Sabahın erken saatlerinde başladığımız Lima – Paracas oldukça rahat geçti. Öğle saatlerinde indiğimiz Paracas merkezde bir gün önce yer ayırttığımız Paracas Backpackers House da indiğimiz yerin karşısında. Resepsiyonda duran abla yerli, fakat kendinden yaşça hayli büyük eşi yabancı ve şahane İngilizce konuşuyor. Tam akla takılan ne varsa sormalık 🙂 Üstelik son derece sevimli ve yardımsever.
Açıkçası bize bisiklet kirası bile fazla geldi ama kiralık motosiklet bulma çabalarımız boşa çıkınca mecbur kaldık bisiklete. Hem kişi başı 30 TL civarında bedel ödeyeceğiz hem de bu sıcakta pedal çevireceğiz diye söylensem de burada çoğu gezgin bunu yapıyor. Merkezden biraz yukarı çıktığınızda uçsuz bucaksız çölle göz göze geliyorsunuz.
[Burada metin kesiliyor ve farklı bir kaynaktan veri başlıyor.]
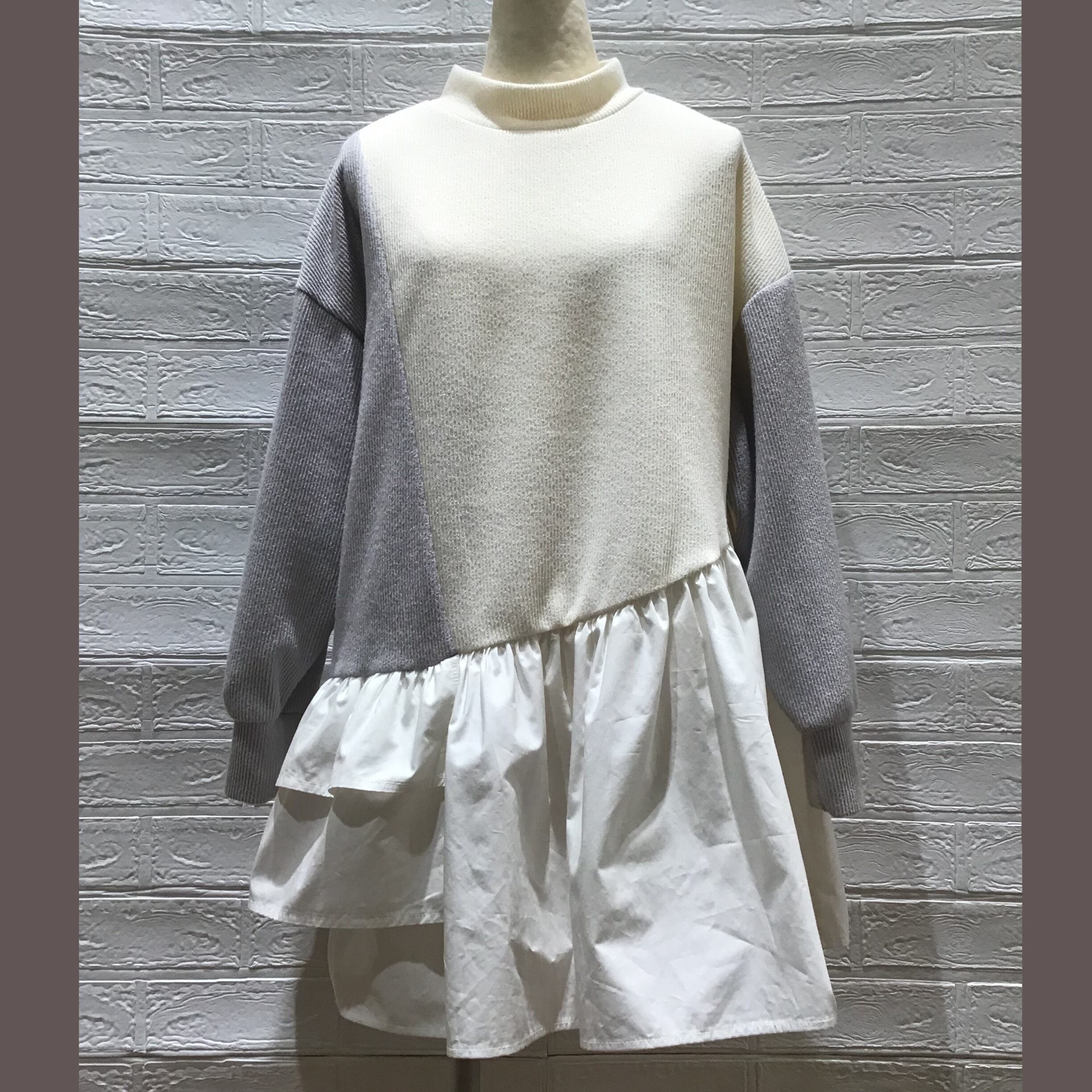 春先に着ていただけるニット×シャツ生地合わせのプルオーバー。
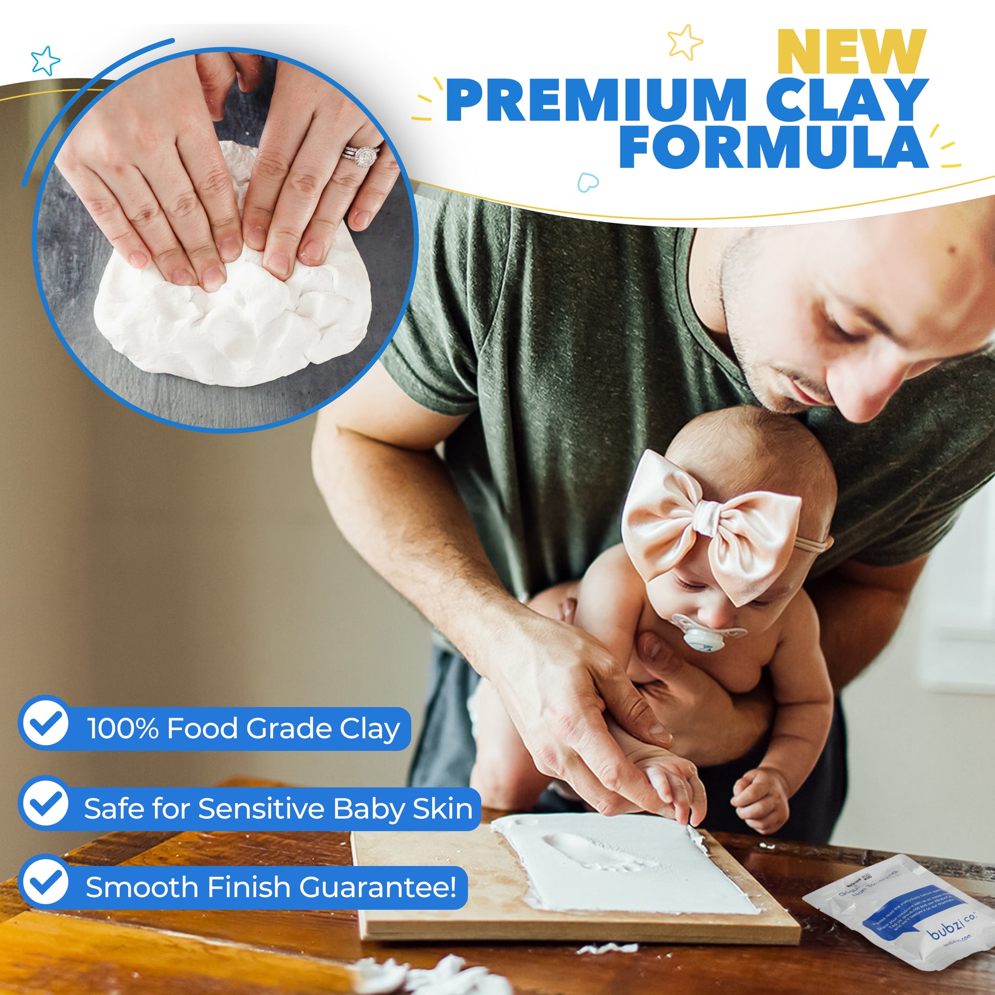 Bubzi Co Air-Drying Clay Baby Handprint & Footprint Kit Photo Keepsake Frame

Paracas, küçük, sevimli bir sahil kasabası. Buna karşın tropik çöl ve adalara olan ilgi büyük olduğundan son derece turistik ve pahalı. Bunun dışında yapılacak pek bir şey de yok. Kısa bir sahil şeridi, birkaç restaurant, bar bir de kumsalı var. Her ne kadar kumsal dediysem de deniz pek çekici sayılmaz. Uzun iskeleye adalara tur hizmeti veren tekneler bağlı ve denizin rengi de çamur gibi. Yine de bu kumsalda ufak bir mola verip şapşal deniz kuşlarını seyretmek keyifli oluyor.
Huacachina, Ica şehrinde bulunan çölün ortasında bir vaha. Tıpkı masallardaki gibi. Uçsuz, bucaksız kum tepelerinin ortasında saklı bir cennet. 1940-50’li yıllarda Peru’nun zengin iş adamlarına tatillerini geçirdikleri, şehirden kaçıp sığındıkları bir sayfiye yeri olarak kullanılmış. Günümüze o dönemlerden yalnızca kapıları kilitli soyunma kabinleri kalmış.
Dünyanın neresine gitsem patili bir dostum peşime takılır. Dilimiz aynı olmasa da duygularımız aynı.